++++ DATA UNDER STUDY

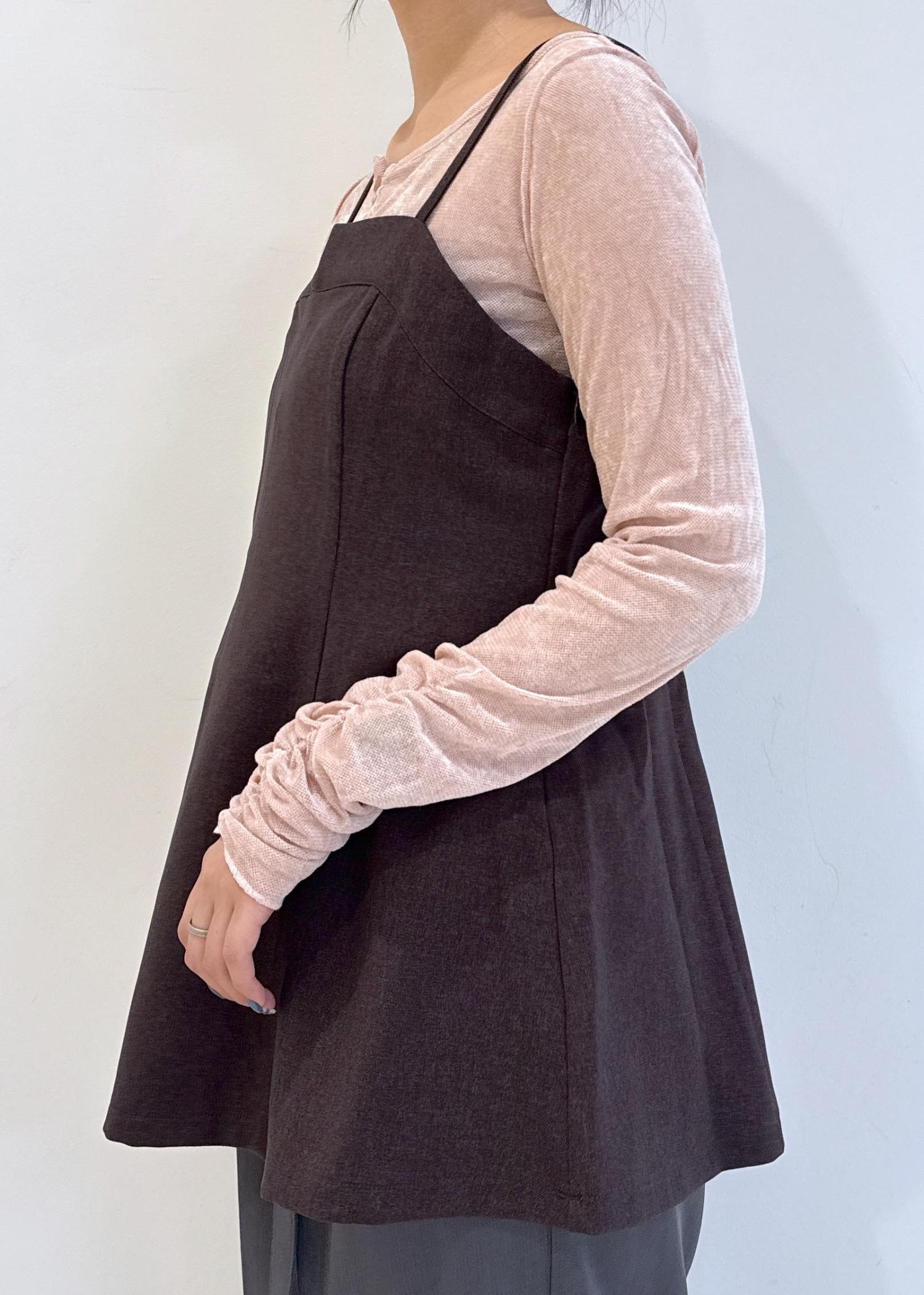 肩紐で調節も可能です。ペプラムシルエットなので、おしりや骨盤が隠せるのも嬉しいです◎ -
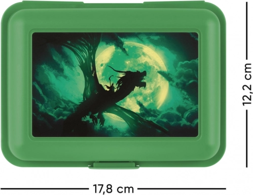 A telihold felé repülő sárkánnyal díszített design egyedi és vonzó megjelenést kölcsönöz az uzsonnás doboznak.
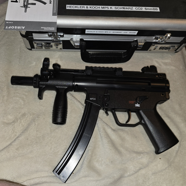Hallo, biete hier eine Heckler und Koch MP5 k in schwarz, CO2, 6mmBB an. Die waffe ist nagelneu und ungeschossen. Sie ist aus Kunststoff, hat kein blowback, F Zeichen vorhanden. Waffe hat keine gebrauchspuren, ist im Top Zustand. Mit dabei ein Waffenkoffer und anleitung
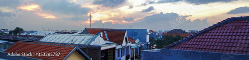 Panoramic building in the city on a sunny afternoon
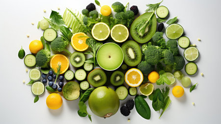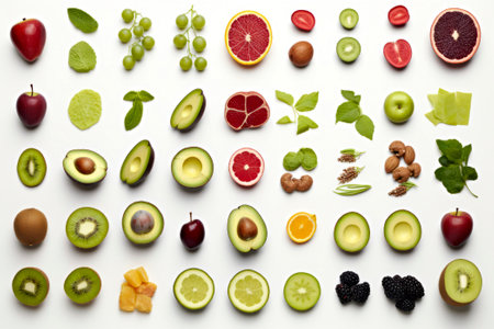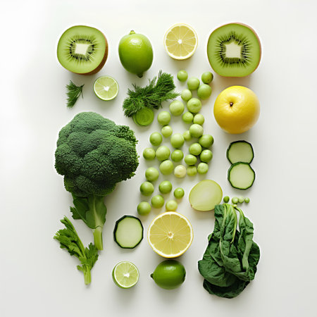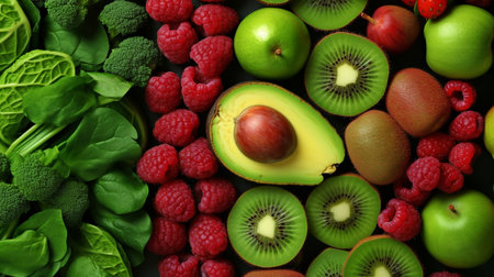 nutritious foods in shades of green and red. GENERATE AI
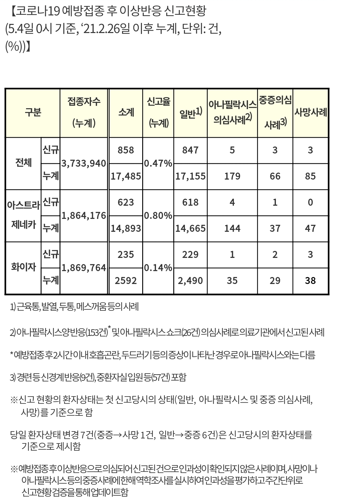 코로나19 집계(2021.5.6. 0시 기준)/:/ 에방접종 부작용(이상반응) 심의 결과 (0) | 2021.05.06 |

++++++++
++++ DATA UNDER STUDY

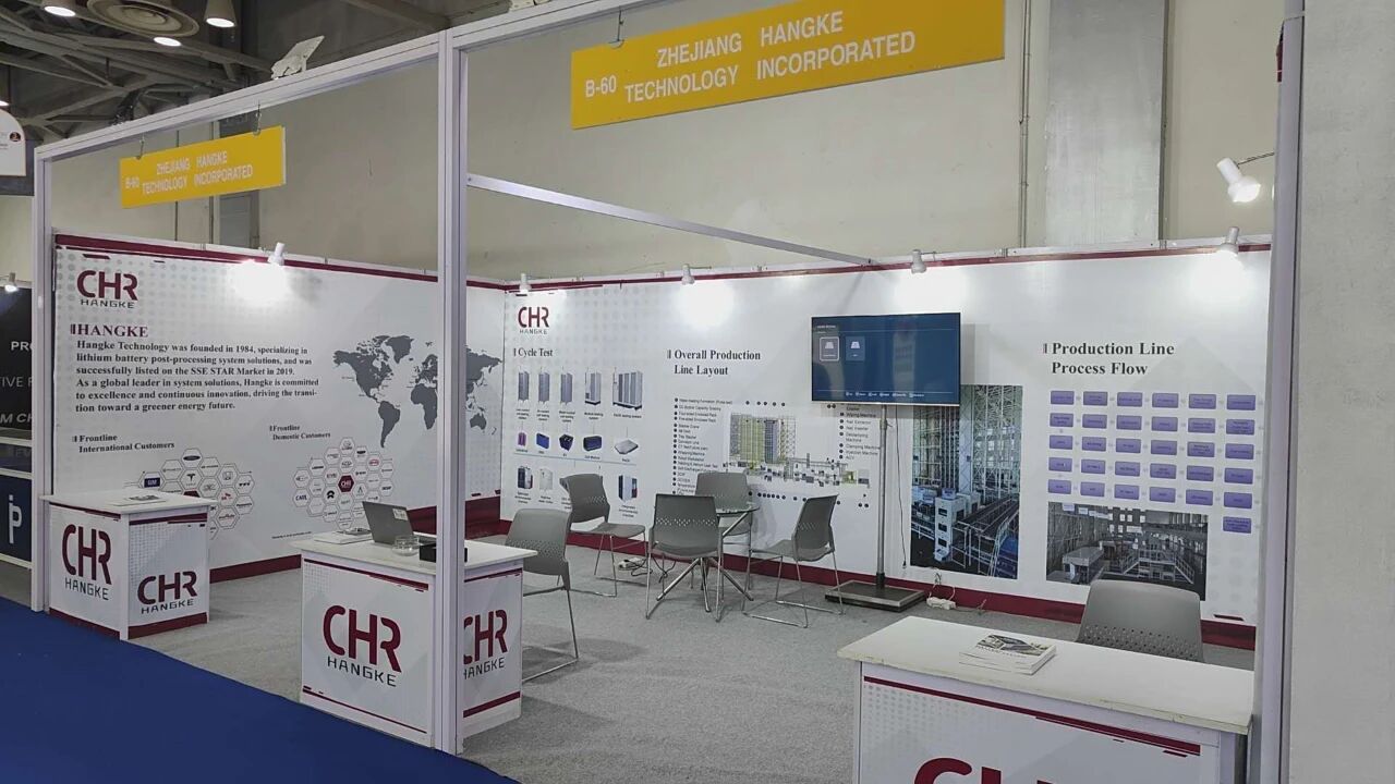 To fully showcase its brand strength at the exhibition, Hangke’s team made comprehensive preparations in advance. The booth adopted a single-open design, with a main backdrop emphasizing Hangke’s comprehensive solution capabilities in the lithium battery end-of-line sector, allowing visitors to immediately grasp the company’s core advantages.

++++++++
++++ DATA UNDER STUDY

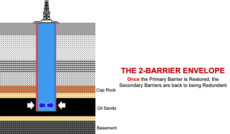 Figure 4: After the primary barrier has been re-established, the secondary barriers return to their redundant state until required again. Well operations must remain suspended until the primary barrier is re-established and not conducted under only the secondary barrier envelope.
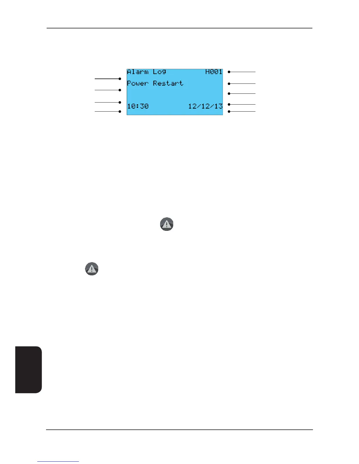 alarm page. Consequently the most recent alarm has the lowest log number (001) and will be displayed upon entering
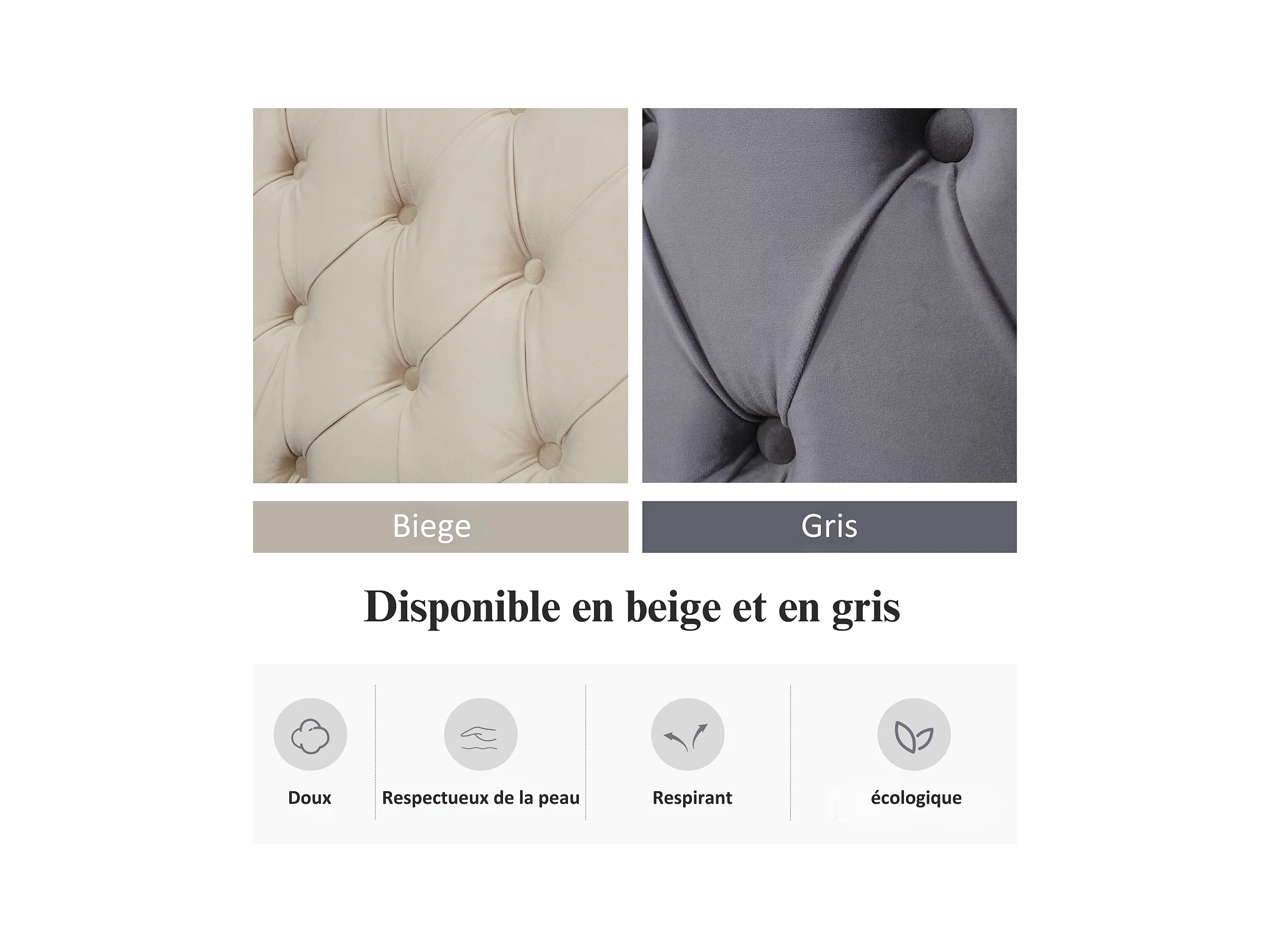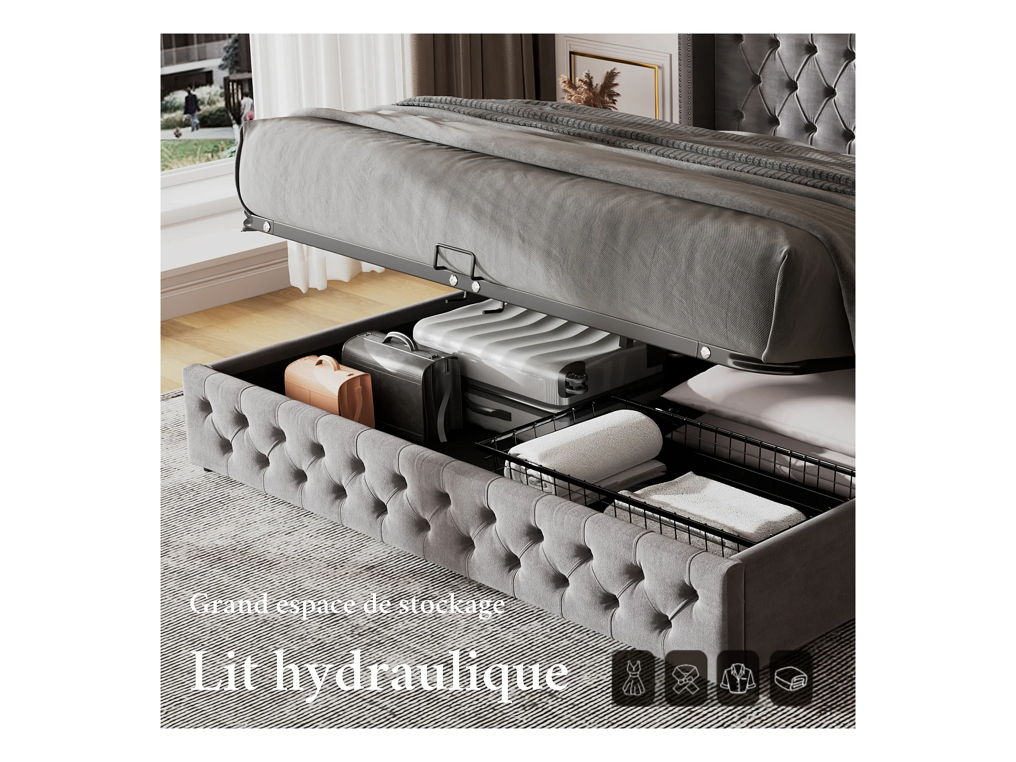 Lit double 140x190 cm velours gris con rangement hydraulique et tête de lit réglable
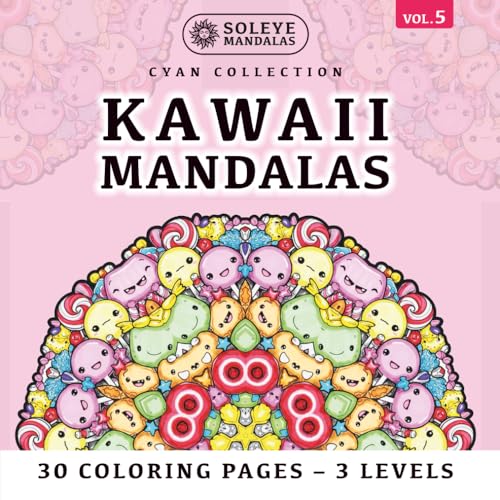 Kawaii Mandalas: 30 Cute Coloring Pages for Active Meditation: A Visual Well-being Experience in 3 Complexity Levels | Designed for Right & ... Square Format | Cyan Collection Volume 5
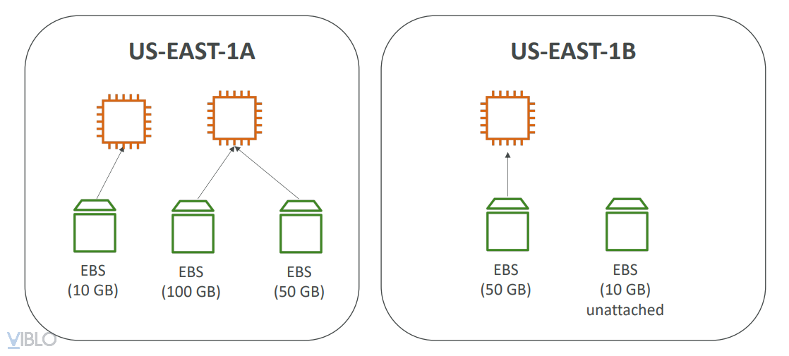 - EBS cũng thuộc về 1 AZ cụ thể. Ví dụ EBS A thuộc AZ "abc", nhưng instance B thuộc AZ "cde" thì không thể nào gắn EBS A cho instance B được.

++++++++

GOAL OF THE EXERCISE: Exact copy, pictures excluded: from the line with "alarm page. Consequently" up to and including the line with "- EBS cũng thuộc" in the data above.

RESPONSE TO THIS TASK:
 alarm page. Consequently the most recent alarm has the lowest log number (001) and will be displayed upon entering
 Lit double 140x190 cm velours gris con rangement hydraulique et tête de lit réglable
 Kawaii Mandalas: 30 Cute Coloring Pages for Active Meditation: A Visual Well-being Experience in 3 Complexity Levels | Designed for Right & ... Square Format | Cyan Collection Volume 5
 - EBS cũng thuộc về 1 AZ cụ thể. Ví dụ EBS A thuộc AZ "abc", nhưng instance B thuộc AZ "cde" thì không thể nào gắn EBS A cho instance B được.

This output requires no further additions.